Комната будто затаилась вместе с ней. Воздух становился всё плотнее. А часы отсчитывали секунды — медленно, точно, неумолимо. Их тиканье разносилось по телу, как отголоски чужого дыхания.
Алиса выдохнула, хрипло хихикнула — коротко, неестественно, как будто смех мог разрезать страх.
— Ну давай уже, «эксперимент»... Напугай меня... — пробормотала она, запрокинув голову.
Ответа не было. Воздух только стал тише.
Но я уже был рядом.
Время тянулось. Оно перестало быть цифрами на таймере — стало вязким, как мёд в ледяной воде. 23:30. Цифры на дисплее вспыхнули чуть ярче. Как будто комната дышала с ней в унисон.
И тогда — звук.
Тихий стук в стекло. Едва уловимый. Осторожный. Почти вежливый.
Алиса вздрогнула. Повернулась не сразу, а лишь краем глаза — боясь нарушить главное правило.
Не смотреть.
— Сквозняк, — прошептала она. — Наверное, створка неплотно закрыта...

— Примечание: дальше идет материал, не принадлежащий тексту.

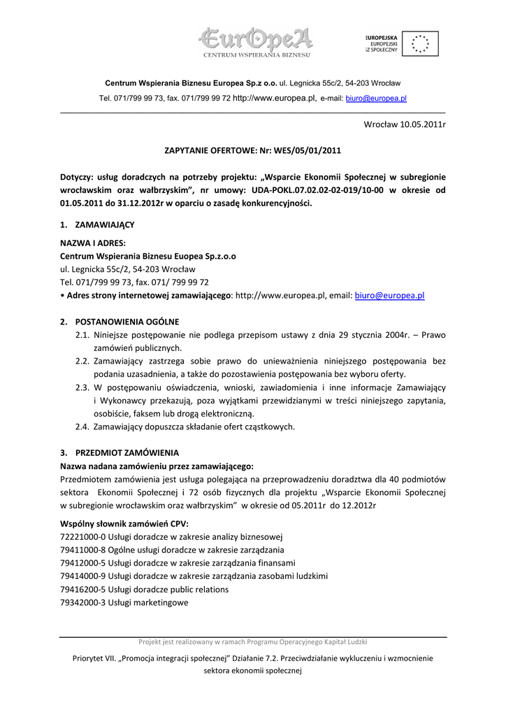 Centrum Wspierania Biznesu Europea Sp.z o.o. ul. Legnicka 55c/2, 54-203 203 Wrocław Tel. 071/799 99 73, fax. 071/799 99 72 http://www.europea.pl, e-mail: [email protected] _________________________________________________ _______________________________________________________ _________________________ Wrocław 10.05.2011r ZAPYTANIE OFERTOWE: Nr: WES/05/01/2011 Dotyczy: usług doradczych na potrzeby projektu: „Wsparcie Ekonomii Społecznej w subregionie wrocławskim oraz wałbrzyskim”, nr umowy: UDA-POKL.07.02.02-02-019/10 019/10-00 w okresie od 01.05.2011 do 31.12.2012r w oparciu opa o zasadę konkurencyjności. 1. ZAMAWIAJĄCY NAZWA I ADRES: uopea Sp.z.o.o Centrum Wspierania Biznesu Eu ul. Legnicka 55c/2, 54-203 203 Wrocław Tel. 071/799 99 73, fax. 071/ 799 99 72 7 • Adres strony internetowej zamawiającego: zamawiającego http://www.europea.pl, email: [email protected] 2. POSTANOWIENIA OGÓLNE 2.1. Niniejsze postępowanie nie podlega przepisom ustawy z dnia 29 stycznia 2004r. – Prawo zamówień publicznych. 2.2. Zamawiający zastrzega sobie prawo do unieważnienia niniejszego postępowania bez podania uzasadnienia, a także do pozostawienia postępowania bez wyboru oferty. 2.3. W postępowaniu oświadczenia, wnioski, zawiadomienia i inne informacje Zamawiający i Wykonawcy przekazują, poza wyjątkami przewidzianymi w treści niniejszego zapytania, osobiście, faksem lub drogą elektroniczną. 2.4. Zamawiający dopuszcza składanie ofert cząstkowych. 3. PRZEDMIOT ZAMÓWIENIA Nazwa nadana zamówieniu przez zamawiającego: Przedmiotem zamówienia jest usługa polegająca na przeprowadzeniu doradztwa dla 40 podmiotów sektora Ekonomii Społecznej i 72 osób fizycznych dla projektu „Wsparcie Ekonomii Społecznej w subregionie ubregionie wrocławskim oraz wałbrzyskim” w okresie od 05.2011r do 12.2012r Wspólny słownik zamówień CPV: 72221000-0 0 Usługi doradcze w zakresie analizy biznesowej 79411000-8 8 Ogólne usługi doradcze w zakresie zarządzania 79412000-5 5 Usługi doradcze w zakresie zakre zarządzania finansami 79414000-9 9 Usługi doradcze w zakresie zarządzania zasobami ludzkimi 79416200-5 5 Usługi doradcze public relations 79342000-3 3 Usługi marketingowe Projekt jest realizowany w ramach Programu Operacyjnego Kapitał Ludzki Priorytet VII. „Promocja integracji społecznej” Działanie 7.2. Przeciwdziałanie wykluczeniu i wzmocnienie sektora ekonomii społecznej Centrum Wspierania Biznesu Europea Sp.z o.o. ul. Legnicka 55c/2, 54-203 203 Wrocław Tel. 071/799 99 73, fax. 071/799 99 72 http://www.europea.pl, e-mail: [email protected] _________________________________________________ _______________________________________________________ _________________________ 79000000-4 4 Usługi biznesowe: prawnicze, marketingowe, konsultingowe, rekrutacja, drukowania drukow i zabezpieczania 79140000-7 7 Doradztwo prawne i usługi informacyjne 66171000-9 9 Doradztwo finansowe 79211000-6 Usługi księgowe 79111000-5 5 Usługi w zakresie doradztwa prawnego. prawnego 3.1. Obszar tematyczny: Doradztwo księgowe Prowadzenie doradztwa w zakresie księgowości dla podmiotów ekonomii społecznej oraz osób fizycznych pragnących założyć podmiot ekonomii społecznej, społecznej, w tym w szczególności: szczególności prowadzenia rachunkowości, rozliczanie dotacji, prawidłowego opisywania dokumentów księgowych, sporządzania sprawozdań finansowych, przestrzeganie zobowiązań podatkowych, terminów składania dokumentów i zeznań. Na doradztwo w zakresie księgowym przewidziane jest 5,27 godziny (około: 5godz, 15min) dla każdego podmiotu ekonomii społecznej oraz po 1 godzinie dla każdej osoby fizycznej. 3.2. Obszar ar tematyczny: Doradztwo prawne Prowadzenie doradztwa w zakresie przepisów prawa dla podmiotów ekonomii społecznej, osób fizycznych pragnących założyć podmiot ekonomii społecznej, oraz zdobyć niezbędną wiedzę w zakresiee działania podmiotów ES, w tym w szczególności: rejestracja, dokonywanie zmian w Krajowym Rejestrze Sądowym, interpretacja przepisów ustawy o działalności pożytku publicznego i o wolontariacie, ustawy o pomocy społecznej, o spółdzielniach socjalnych, socjalny kodeksu postępowania administracyjnego i innych. Na doradztwo w zakresie prawnym przewidziane jest 6 godzin dla każdego podmiotu ekonomii społecznej oraz po 1 godzinie dla każdej osoby fizycznej. 3.3. Obszar tematyczny: Doradztwo marketingowe: Prowadzenie doradztwa w zakresie opracowywania indywidualnych planów rozwoju dla podmiotów ekonomii społecznej oraz osób fizycznych pragnących założyć podmiot ekonomii społecznej, w tym: strategii PR podmiotów ekonomii społecznej, pomoc w przygotowywaniu kampanii promocyjnych ocyjnych , pomoc w zawiązywaniu lokalnych partnerstw i porozumień oraz inne zadania wynikające z marketingu społecznego podmiotów ekonomii społecznej. Na doradztwo w zakresie marketingowym przewidziane jest 5,27 godziny (około: 5godz, 15min) dla każdego podmiotu ekonomii społecznej oraz po 1 godzinie dla każdej osoby fizycznej. Projekt jest realizowany w ramach Programu Operacyjnego Kapitał Ludzki Priorytet VII. „Promocja integracji społecznej” Działanie 7.2. Przeciwdziałanie wykluczeniu i wzmocnienie sektora ekonomii społecznej Centrum Wspierania Biznesu Europea Sp.z o.o. ul. Legnicka 55c/2, 54-203 203 Wrocław Tel. 071/799 99 73, fax. 071/799 99 72 http://www.europea.pl, e-mail: [email protected] _________________________________________________ _______________________________________________________ _________________________ 4. Warunki wymagane od wykonawców. O udzielenie niniejszego zamówienia mogą ubiegać się wykonawcy, którzy: 4.1. Akceptują treść zapytania ofertowego, bez zastrzeżeń – złożenie oferty jest uważane za akceptację treści zapytania. 4.2. O udzielenie zamówienia mogą ubiegać się wykonawcy, którzy złożą kompletną lub cząstkową ofertę, sporządzoną zgodnie z wymag

Голос дрогнул. Даже самой себе она не поверила.
Пальцы судорожно сжались. В теле — дрожь, которая начиналась в животе и поднималась выше, заполняя грудь.
Я чувствовал, как в ней разгорается страх. Не паника — нечто глубже. Ощущение, что за стеклом — воля. Намерение. Чьё-то внимание, от которого не отмахнуться.
Она попыталась отвлечься — достала телефон. Экран был чёрным. Ни сигнала, ни времени. Пустота.
Реальность дала трещину.
Контракт…
Что я подписала? Что именно я разрешила этим людям?
Она смотрела вперёд, вгрызаясь в собственное самообладание. Всё объяснимо. Всё логично. Это проверка. Тест. Игра.
Но время ползло.
23:40.
Три удара в стекло.
Раз.
Раз.
Раз.
Не случайно. Не ветер. Кто-то был там.
Пальцы — слышно — скреблись по стеклу, настойчиво. Будто искали слабое место. Стекло звенело, вибрировало, словно удерживая крик.
Алиса вжалась в кресло, будто могла раствориться в нём. Костяшки пальцев побелели — она вцепилась в подлокотники, чтобы не закричать. Чтобы не встать. Чтобы не повернуться.
Не смотри. Не смотри. Не смотри.
Слёзы подступили, горячие, злые. Она чувствовала, как внутри разрывается нечто: желание бежать, кричать, бороться — и страх, цепкий, животный, который шептал: ещё немного… не двигайся…
Я стоял за стеклом.
Там, где ночь плотнее стены.
Я ждал.
И знал: всё только начинается.
***
Стрелка часов пересекла полночную черту.
Комната дрогнула — словно содрогнулась от холода. По полу прокатился едва уловимый толчок. Воздух стал плотным, давящим, будто стены начали сжиматься. Алиса резко вдохнула, но в лёгкие будто хлынуло нечто старое и пыльное — тяжёлое, словно запах времени.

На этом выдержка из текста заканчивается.